Avram can’t even say Ofer’s name although he’s apparently willing to talk –  but he feels pressured by Ora about it.  He really doesn’t want to be in a “family.”

“It’s like being subjected to a permanent electrical shock, or like living in an eternal lightning storm. Is that what you want?”  (p. 172)

She pounds the ground – Avram watches. She digs a pit with a rock and sticks her face in it.  They are in the rich Hula Valley –   Avram wants to help her but he can’t because of his prison experiences – digging his own grave three times – and then is buried in it – he gave up his life and died.

But as she is telling the earth how to care for Ofer,  Avram grabs her and pulls her back.  Remembering back – when he got out of the prisons he thought he wished they’d killed him.

The two rest and a strange band of really strange walkers comes along led by a man named Avika. The get convinced to join the group Avram worries,  Ora is happy and after zig-zagging awhile land in a moshva.

(Oh I am so reminded of The Blue Mountain – both have to do with communities set up by the first and second Aliyahs)

To the people of the moshva Avika has “brought the light.”

I keep seeing an allegory here – I’m not sure I entirely buy into the political message.

POV switches to Avram – He wants to help Ora – how –

Setting – all over Israel – Haifa – from 1967 and again in 1996 – Jerusalem, Tel Aviv, Galilee,  other smallish towns and communities in the territories.

Oraleh – woman as adolescent in 1967, and then as grown in 1996, married to
Avram – old friend of Ora’s – 1967 and
Ada –  girlhood friend of Ora’s – she died in 1967
Ofer –  Ora’s son
Sami – Ora’s taxi driver
Ilan – Ora’s ex-husband – met in 1967,  good friend of Avram’s.
Adam – Ora’s second son
Character – Ora’s lover(?)
Yazdi – the boy with Ora and Sami,  very ill –
**  Structure – Prologue (Chap 1) in 1967,  Chap 1 – 3 more or less forward chronology but with the style of Grossman regularly going forward a few beats and then using the next paragraphs to catch up.  This could be thematic / metaphoric I suppose  – the two steps forward and one step back of the Israeli/Palestinian situation.
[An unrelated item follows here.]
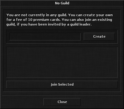 - Criar Guild - Crie o seu próprio clã para uma taxa única de 10 Cartões.

** Style –  nicely written but deeply ambiguous – it goes with the territory –

** Symbolism and allusions –
Lots of literary references to Israeli authors – other authors – Ibsen, Ionesco, Cocteau

Themes  –
** war and children –

** denial – Ora is running away because she doesn’t want to know –

** darkness –  in the original hospital, in the night road, in the hospital, in Avram’s apartment,

** motherhood – Ora, of her boys,  of Avram, of Yazdi, the woman in the IR hospital breastfeeding,

** ambiguity of the whole situation –  it’s a style, too.